Are these grammars equivalent? Is either (or both) ambiguous? Do either or both conform to the LL(1) conditions? If not, explain clearly where the rules are broken, and come up with an LL(1) grammar that describes RPN notation, or else explain why it might be necessary to modify the language itself to overcome any problems you have uncovered.

Hand in sheet: - Available in the kit in the ASCII file HANDIN.TXT if you prefer

Task 1 - Meet the family What form does your grammar take when you eliminate the meta-brackets? Which, if any, productions break the LL(1) rules, and why?
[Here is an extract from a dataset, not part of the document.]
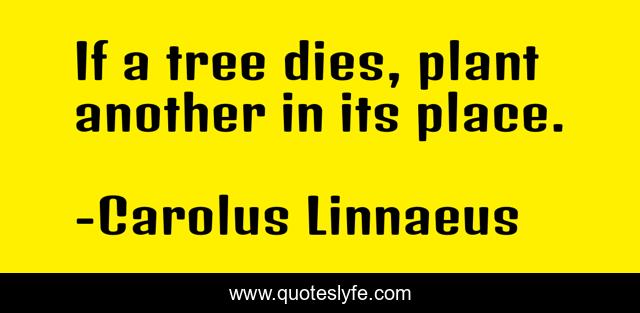 This page presents the quote "If a tree dies, plant another in its place.". Author of this quote is Carolus Linnaeus. This quote is about tree, plant, place,.
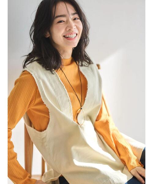 ざっくりと切り込まれたVネックがスタイリングをすっきりとさせるベスト。短めに施されたフリンジで、コーディネートにワンポイントをプラスします。サイドスリットが抜け感のある印象を与えるのもポイント◎シャツやクルーネックのカットソーと合わせた着こなしがおすすめです。透け感[無し] 裏地[無し] 伸縮性[無し] 光沢感[無し] 生地の厚さ[普通] 付属品[無し] ポケット[無し]●製品寸法:F:バスト57 着丈前69/後71 肩幅43.5 裾幅59.5備考:

Can you find an equivalent grammar that does obey the LL(1) constraints? If so, give it. If not, explain why you think it canot be done. Task 2 - Expressions - again Is this an ambiguous grammar? If so, why? is it an LL(1) grammar? If not, why not, and can you find a suitable grammar that is LL(1)? Task 3 - Palindromes Does grammar 1 describe palindromes? If not, why not? Is it an LL(1) grammar? If not, why not? Does grammar 2 describe palindromes? If not, why not? Is it an LL(1) grammar? If not, why not? Does grammar 3 describe palindromes? If not, why not? Is it an LL(1) grammar? If not, why not? Does grammar 4 describe palindromes? If not, why not? Is it an LL(1) grammar? If not, why not? Can you find a better grammar to describe palindromes? If so, give it, if not, explain why not. Task 4 Which of the following statements are true? Justify your answers. (a) An LL(1) grammar cannot be ambiguous. (b) A non-LL(1) grammar must be ambiguous. (c) An ambiguous language cannot be described by an LL(1) grammar. (d) It is possible to find an LL(1) grammar to describe any non-ambiguous language.